(разрозненные заметки)
Опубликовано в журнале Волга, номер 1, 2021
*
Тишина осеннего вечера. В сумерках комнат проплывают мыслей лёгкие облака, а между ними поблёскивают чашка и чайник, глухо звенит ложка в стакане – и самоосвещаются вещи души[1].
*
Во «Второй книге» Надежда Яковлевна Мандельштам писала, что Москва (а это были 1920-е годы) была периодом клятв, что обет нищеты, данный Осипом Эмильевичем в «Алексее»[2] был потом дополнен в «Аликсансе». Видимо, перевод со старофранцузского для Мандельштама оказался не столько переводом – здесь воплощалась, пульсируя сквозь другой язык, другую культуру, живая и пока ещё не проявленная до конца мысль поэта о себе самом. Речь здесь, конечно, не о бытовой нищете, а о той утешительной могучей нищете, благодаря которой только и возможен поэтический труд.

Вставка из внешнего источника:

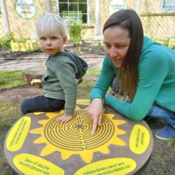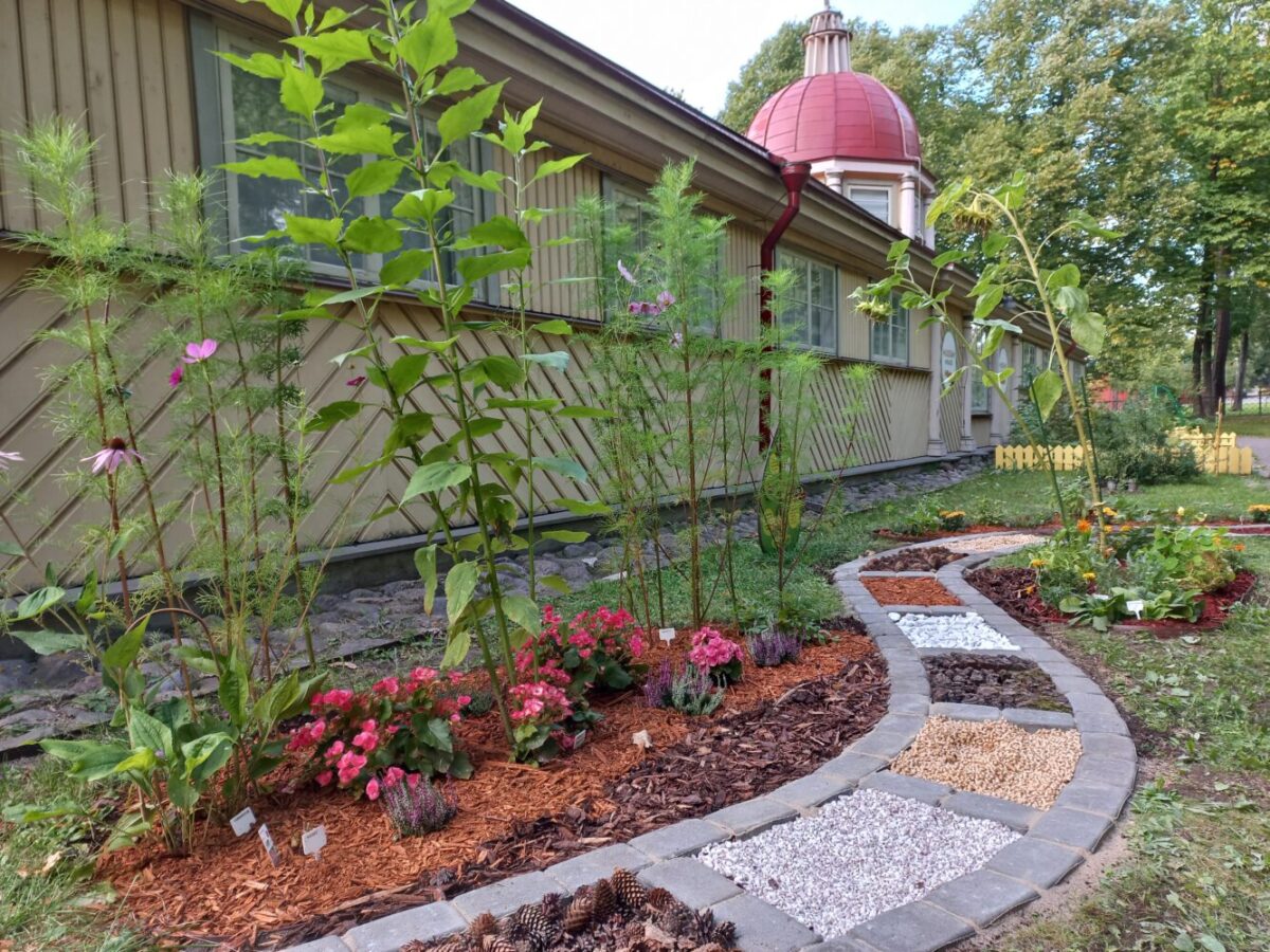 Meie õuel saab keerlema panna kompostikrõlli, puid emmata, liikuda sõrmega mandala-uuretes, jätta oma jälje jäljerajale või kõditada meeli sensoorsel rajal.

Еще не умер ты, еще ты не один,
Покуда с нищенкой-подругой
Ты наслаждаешься величием равнин
И мглой, и холодом, и вьюгой.
В роскошной бедности, в могучей нищете
Живи спокоен и утешен.
Благословенны дни и ночи те,
И сладкогласный труд безгрешен…
15-16 января 1937
К 1937-му году – ко времени завершения «Воронежских тетрадей» – нищета стала «путеводной звездой» Мандельштама, освещая смиренным светом его жизнь, внутренний строй его стихов и все те мучительные испытания, которые были посланы ему судьбой.
*
Вряд ли Геннадий Николаевич Айги когда-нибудь помышлял давать обеты нищеты – жизнь в далёкой чувашской деревне в 1930-е годы – годы его детства – была чрезвычайно бедной, почти нищенской, хотя отец его работал учителем в местной школе. Фотографии тех времён, бережно сохранённые Айги[3], пронизаны тихим достоинством бедности, не покидавшей его, как верная подруга, всю жизнь. Правда, в последние годы были и поездки заграницу, и как замечает Ольга Седакова:
«…У нас мало кто представляет меру признания, меру востребованности Айги в мире: она огромна. Айги был звездой первой величины в современной мировой поэзии, о нем говорили как о живом классике, новом Малларме или новом Целане. Дело даже не в разнообразных наградах: он был, вероятно, самым читаемым поэтом современности. Его книги – на французском, английском, немецком, итальянском – я видела в руках, на книжных столах, в дорожных сумках читателей в самых разных местах Европы»[4].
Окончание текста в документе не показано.